Personal information
- Full name: Joseph Mullett
- Date of birth: 2 October 1936
- Place of birth: Halesowen, England
- Date of death: 1995 (aged 58–59)
- Place of death: Cradley Heath, England
- Position(s): Wing half / Full back

Youth career
- Malt Mill United

Senior career*
- Years: Team / Apps / (Gls)
- 1955–1959: Birmingham City / 3 / (0)
- 1959–1968: Norwich City / 213 / (2)
- 1968–1970: King's Lynn
- 1970–1971: Lowestoft Town
- 1971–197?: Yarmouth Town
- Total:  / 216 / (2)

= Joe Mullett =

English footballer

Joseph Mullett (2 October 1936 – 1995) was an English professional footballer who made 216 appearances in the Football League playing for Birmingham City and Norwich City.

==Career==
Mullett was born in Halesowen, which was then in Worcestershire. He joined Birmingham City in 1955, and soon after he completed his National Service he made his first-team debut.
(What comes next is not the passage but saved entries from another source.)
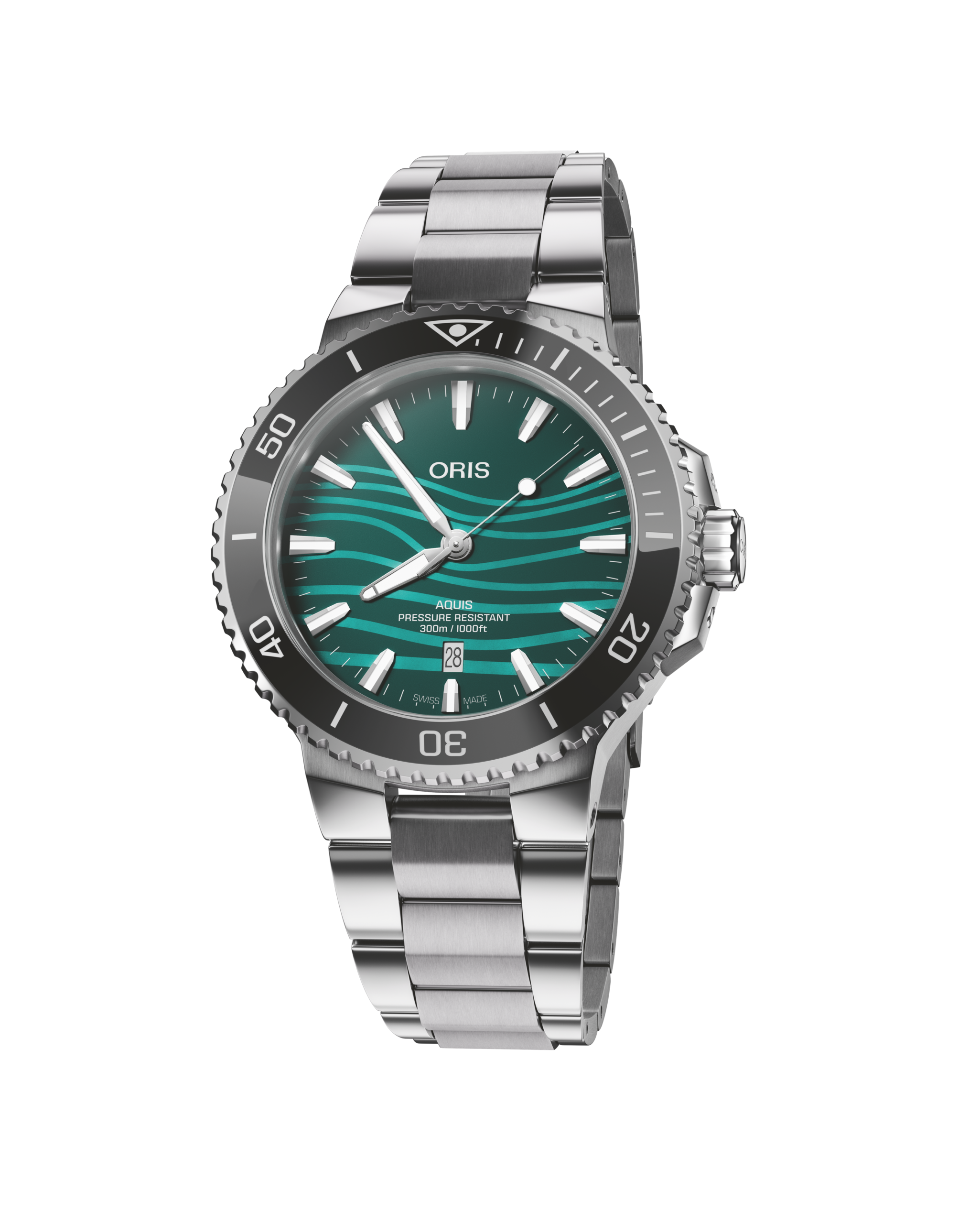 تحتفي ساعة Aquis Date بقياس 43.5 مم بخنزير نهر اليانغتسي عديم الزعنفة، أحد الأنواع المهددة بالانقراض. يأتي الميناء من عرق اللؤلؤ بدرجات الأزرق والأخضر مع نقشة تموجات مستوحاة من موطنه الطبيعي. صُنعت الساعة من الفولاذ المقاوم للصدأ وتعمل بحركة أوريس الأوتوماتيكية. Calibre 733، في تصميم يجمع بين الجمال والدعم المستمر لجهود الحفاظ على هذا النوع النادر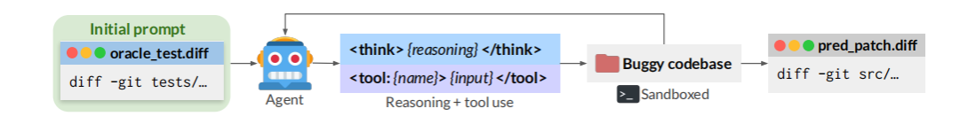 SSR 的设计原则是减少对代码库先验知识的依赖,以提升方法的通用性与可扩展性。它不依赖于特定环境的预配置,智能体要通过与环境的交互,自主探索测试的运行方式并理解其结构。该极简输入设定使 SSR 几乎无需额外配置即可应用于不同代码库,显著降低了使用与迁移成本。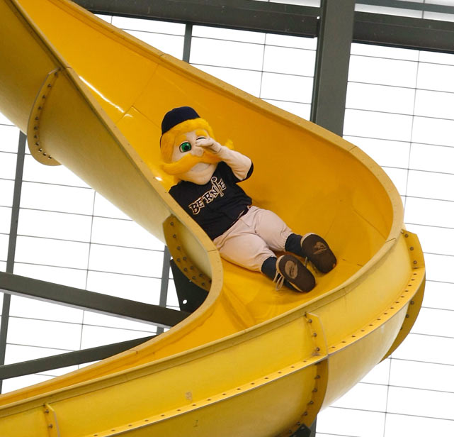 One of the few mascots I’ve heard of that went away and was demanded to be brought back by the fans. Bernie Brewer was created in 1973 and would slide into a giant mug of beer whenever a Brewer hit a home run at old County Stadium. In 1984, Bernie was retired when County Stadium underwent renvoations. Fans voted for his return and in 1993 he was brought back and has continued his home run slide,although now at Miller Park he slides from his dugout (where he leads the cheers) on a yellow slide onto a platform in the shape of home plate in left field.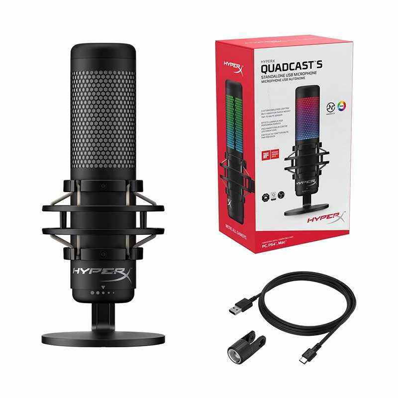 ไมโครโฟนไดนามิกแบบมีสาย HyperX QuadCast S RGB สำหรับการถ่ายทอดสดกีฬา รองรับทุกทิศทาง เหมาะสำหรับคอมพิวเตอร์ตั้งโต๊ะ วัสดุทำจากพลาสติก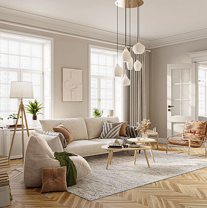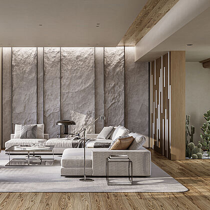 The pure shades of grey provide the perfect frame for chromatic colours, warm woods and materials. Without an inherent colour content, they adapt perfectly. Alabaster matches NCS Code 1000-N; Greyhound matches NCS 5000-N and is clearly darker.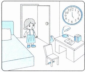 时钟在墙上。现在是五点钟。书和一盏台灯在书桌上。她想要找到铅笔。“我的铅笔在哪里?”她说。铅笔在椅子下面。她还想要找到球。“球在哪里?”她问道。球在门后面。

This came in the First Division on 11 September 1957 in a home game against Tottenham Hotspur which finished goalless; Mullett played at left half to allow Dick Neal to stand in for Peter Murphy at inside left. He kept his place for three games in Murphy's absence, but those were the only first-team games he played for Birmingham, and in February 1959, Norwich City paid £2,000 for his services. At Norwich he was converted to play at full back, went on to make 213 Football League appearances for the club, and helped them to win the 1962 League Cup. He spent nearly ten years with Norwich, before finishing off his career in non-league football in the East Anglia area.

Mullett died in Cradley Heath, West Midlands, in 1995.